> **ABOUT THIS EXERCISE**
The line containing "- Muitos minutos" marks the end; write out exactly every line from the start of the data up to and including it, without the pictures.

[Opening STORED DATA section]

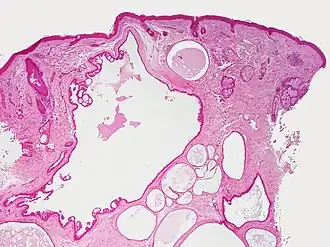El hidrocistoma (también conocido como cistoadenoma,[1] quiste de las glándulas de Moll,[1] o quiste sudorífero[1]) es un adenoma de las glándulas sudoríparas.[2] : 787
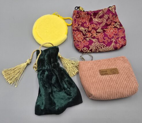 - Corduroy Coin Purses (Rectangle) – Small with key ring attachment. Made from lightweight, washable fabric. Great for crystals, keys, or headphones. Various colours
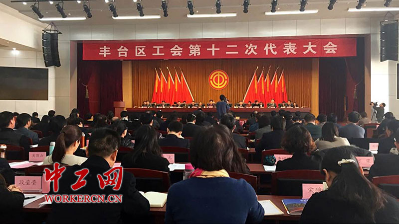 2014年12月29日,上午10点,丰台区工会第十二次代表大会在双拥大厦会议厅隆重开幕。231名全区各行各业工会代表、30名列席代表和14名特邀代表参加了开幕式。中工网记者 葛姗 摄
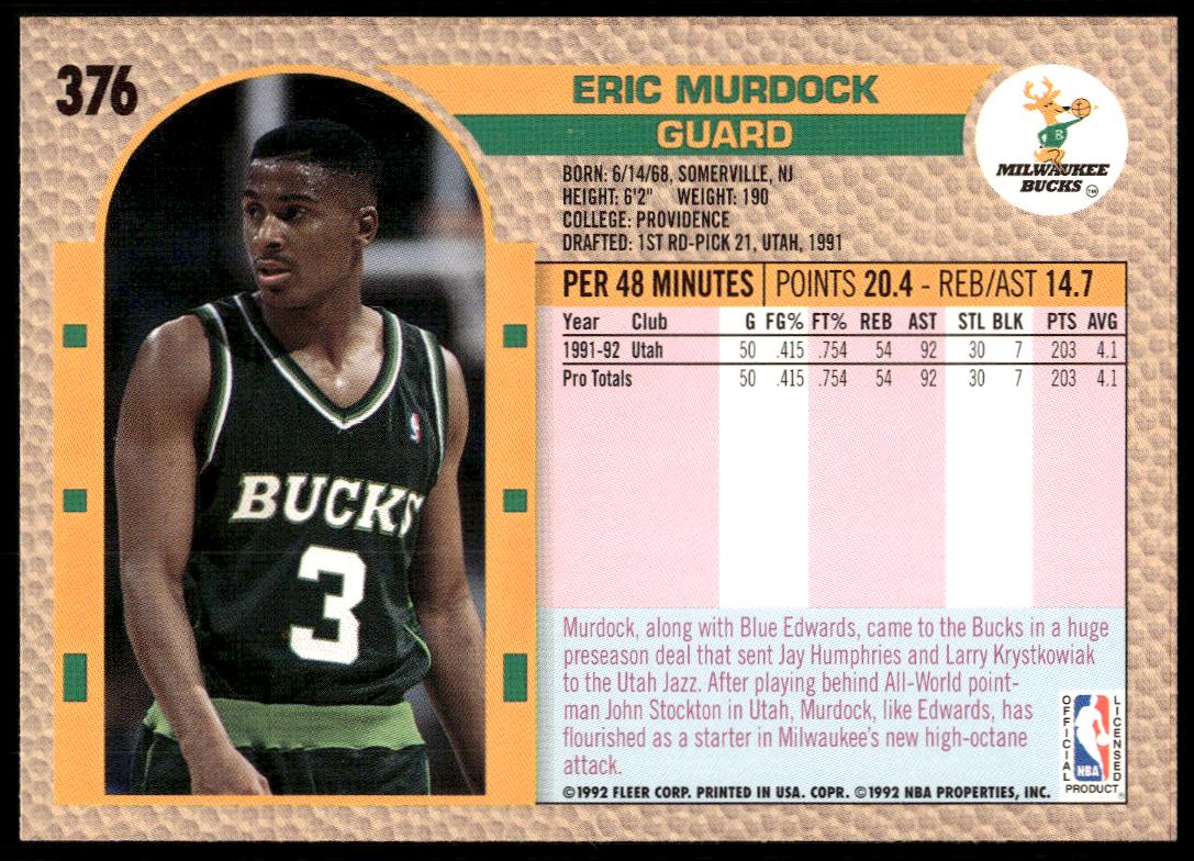 This Basketball card, from 1992-93 is part of the Fleer  card set. Eric Murdock is featured and has a card number of 376.
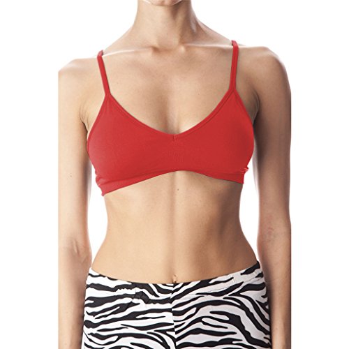 Femine seamless sports bra with removable padding. Straps are adjustble, can choose between criss cross or straight. A one size fits most. Measurements when layed flat; Band: 10.5" Height (of the cup) 7.5".
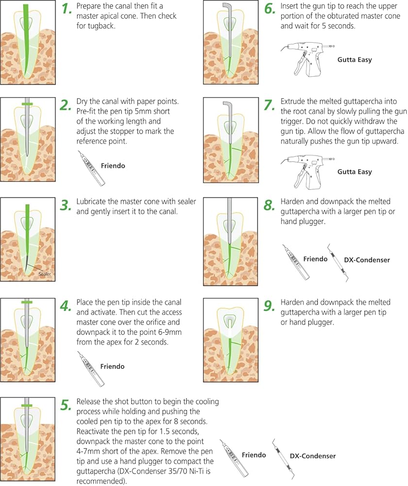 - Used in any common obturation technique and condense gutta percha under pressure
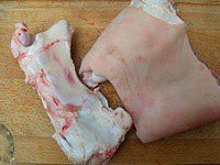 肉皮片掉内侧的脂肪,刮干净并用清水冲洗。
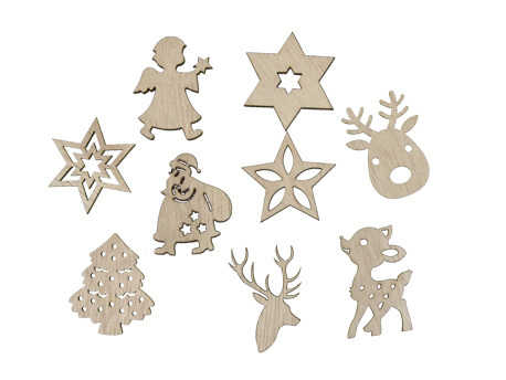 Houten decoratie kerst ca 4 cm ass. 9x8 st.
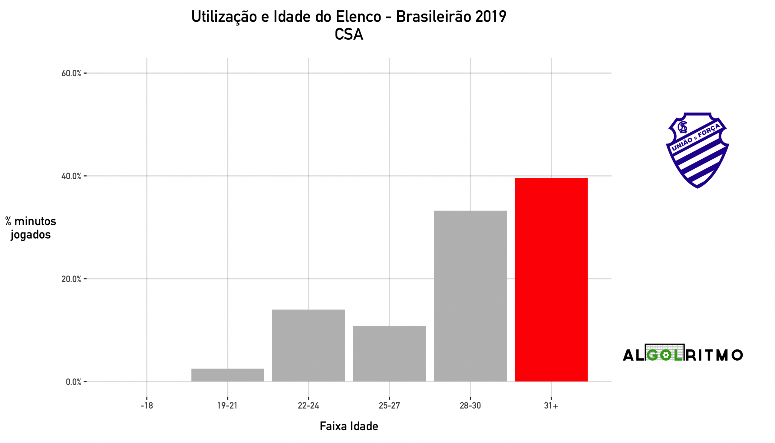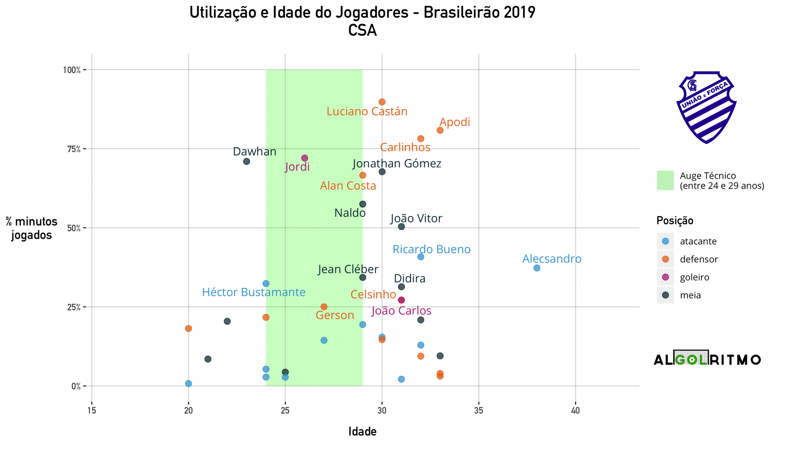 - Muitos minutos para jogadores acima dos 28 no CSA, o time precisará se renovar constantemente se não der oportunidades aos mais jovens.
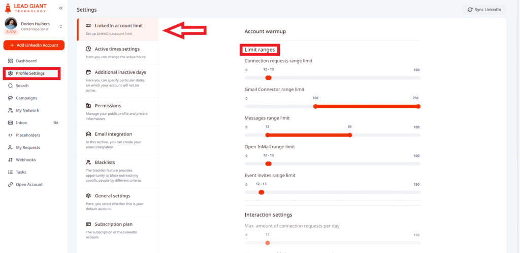 In the limit ranges you need to set the daily numbers for actions to be sent per day from LeadGiant and once it is done, click the button Apply to save the changes. Please keep in mind, to divide those numbers in the campaign settings as well, so the limits would not be exceeded, you can learn more about it and how it works here.
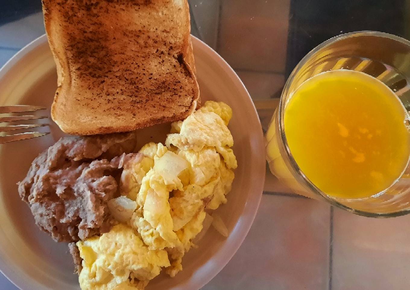 - Guisarlo la cebolla y el huevo en mantequilla. Servir con frijoles, pan y jugo.
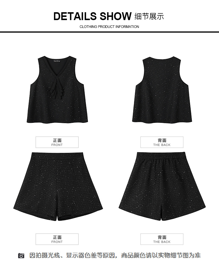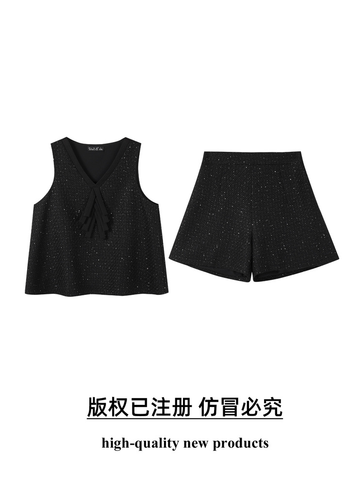 奢姿大码女装2025秋季减龄亮片小香风两件套胖妹妹背心+裤套装9953953739A
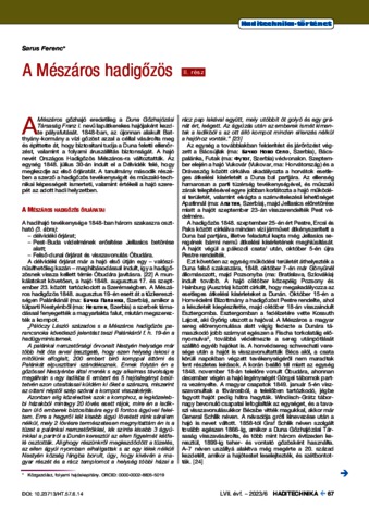 Az Országos Hadigőzös Mészáros a maga korában – az 1800-as évek első felében – forradalmasította a folyami hadviselést a Dunán. A megjelenésével lényegében megszüntette az addig még erősen középkori alapokon nyugvó folyami hadviselési formát, és megnyitotta az utat a modern folyami flottillák kialakulása felé. A szerző, tanulmányában a hadigőzös 1848–49-es szabadságharc időszakában végzett tevékenységét mutatja be, valamint betekintést nyújt a Duna korabeli hajózási viszonyaiba, és a korai gőzhajók általános hajózási tulajdonságaiba is.
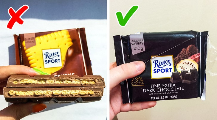 Sô-cô-la cũng là món ăn an toàn trước khi bạn đi ngủ. Đây không phải là sô-cô-la kẹp bơ sữa mà là sô-cô-la đen nguyên chất với 72% ca cao tự nhiên. Thực phẩm này chứa rất nhiều chất chống oxy hóa và đủ chất xơ để cảm thấy no khi không phải tiêu thụ một hàm lượng đường cao. Tuy nhiên, bạn không nên ăn quá 50g sô-cô-la đen mỗi ngày.
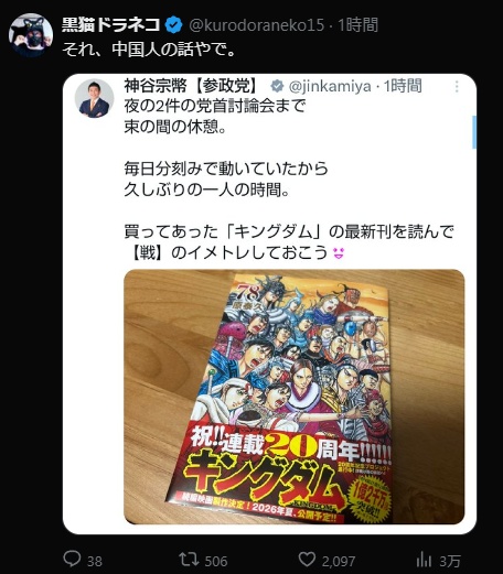 | … | 37無念Nameとしあき26/01/26(月)20:28:12No.1382901554+ 1769426892758.jpg-(1916860 B) キングダムは登場キャラが全員日本語をしゃべっているから勘違いするのはしょうがない |
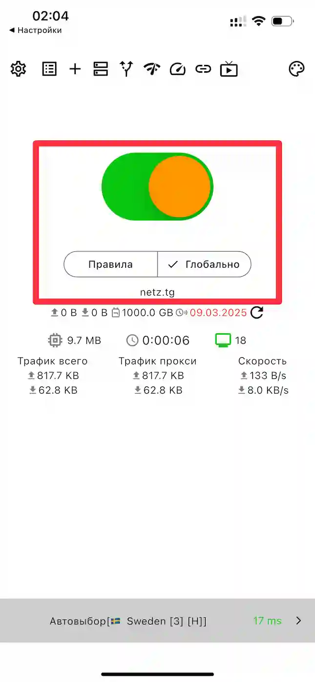 Включение/выключение VPN
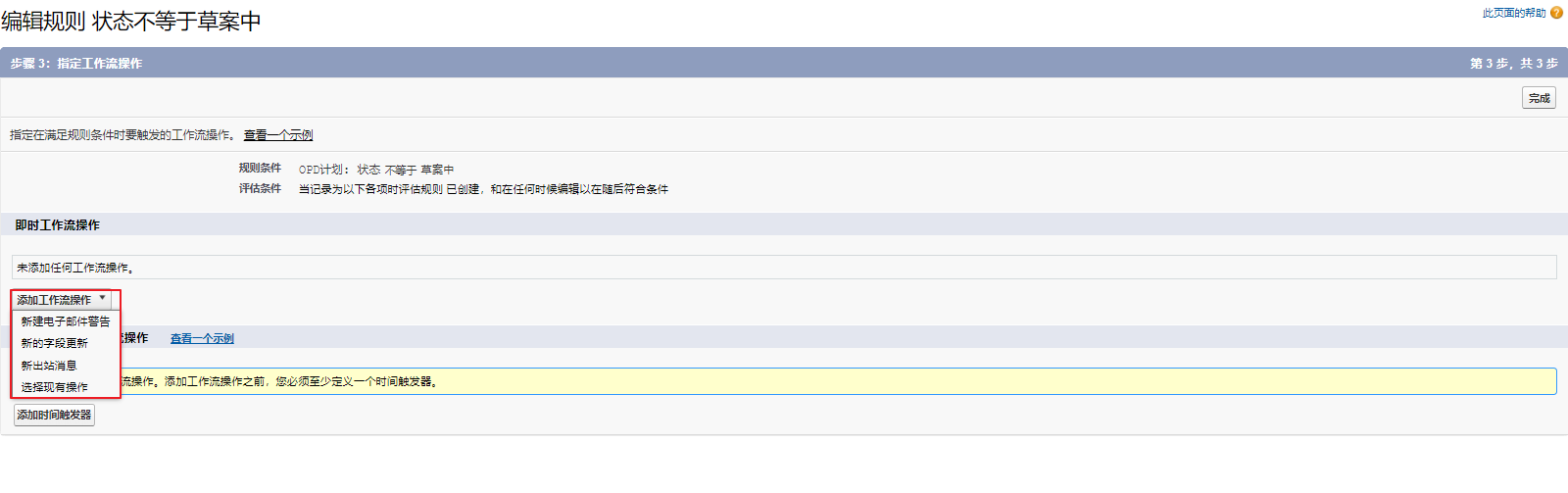 1. 评估条件 : 系统默认情况下选择第三种,即 当这条记录被创建或者被修改情况下校验下方校验规则,如果条件满足,则执行action,其中执行action部分还需要配置time trigger,这点在第三步加以描述。当选中第一种则只有当记录被创建时执行校验,选择第一种则这条记录最多只能执行一次workflow,选择第二种为每次添加或者修改操作时会执行下方校验,如果校验成功,则执行第三步的action,其中采用第二种方式则不需要配置time trigger,立即执行action操作。
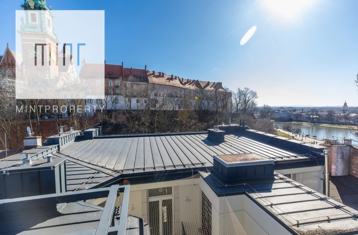 Indywidualny taras na dachu z panoramą 360 stopni o powierzchni 40 m2, z którego roztacza się spektakularny widok na Krakowskie Stare Miasto, Wisłę oraz Wawel, który z tego miejsca jest dosłownie na wyciągnięcie ręki.

[Closing STORED DATA section]

> **TASK SOLUTION**
El hidrocistoma (también conocido como cistoadenoma,[1] quiste de las glándulas de Moll,[1] o quiste sudorífero[1]) es un adenoma de las glándulas sudoríparas.[2] : 787
 - Corduroy Coin Purses (Rectangle) – Small with key ring attachment. Made from lightweight, washable fabric. Great for crystals, keys, or headphones. Various colours
 2014年12月29日,上午10点,丰台区工会第十二次代表大会在双拥大厦会议厅隆重开幕。231名全区各行各业工会代表、30名列席代表和14名特邀代表参加了开幕式。中工网记者 葛姗 摄
 This Basketball card, from 1992-93 is part of the Fleer  card set. Eric Murdock is featured and has a card number of 376.
 Femine seamless sports bra with removable padding. Straps are adjustble, can choose between criss cross or straight. A one size fits most. Measurements when layed flat; Band: 10.5" Height (of the cup) 7.5".
 - Used in any common obturation technique and condense gutta percha under pressure
 肉皮片掉内侧的脂肪,刮干净并用清水冲洗。
 Houten decoratie kerst ca 4 cm ass. 9x8 st.
 - Muitos minutos para jogadores acima dos 28 no CSA, o time precisará se renovar constantemente se não der oportunidades aos mais jovens.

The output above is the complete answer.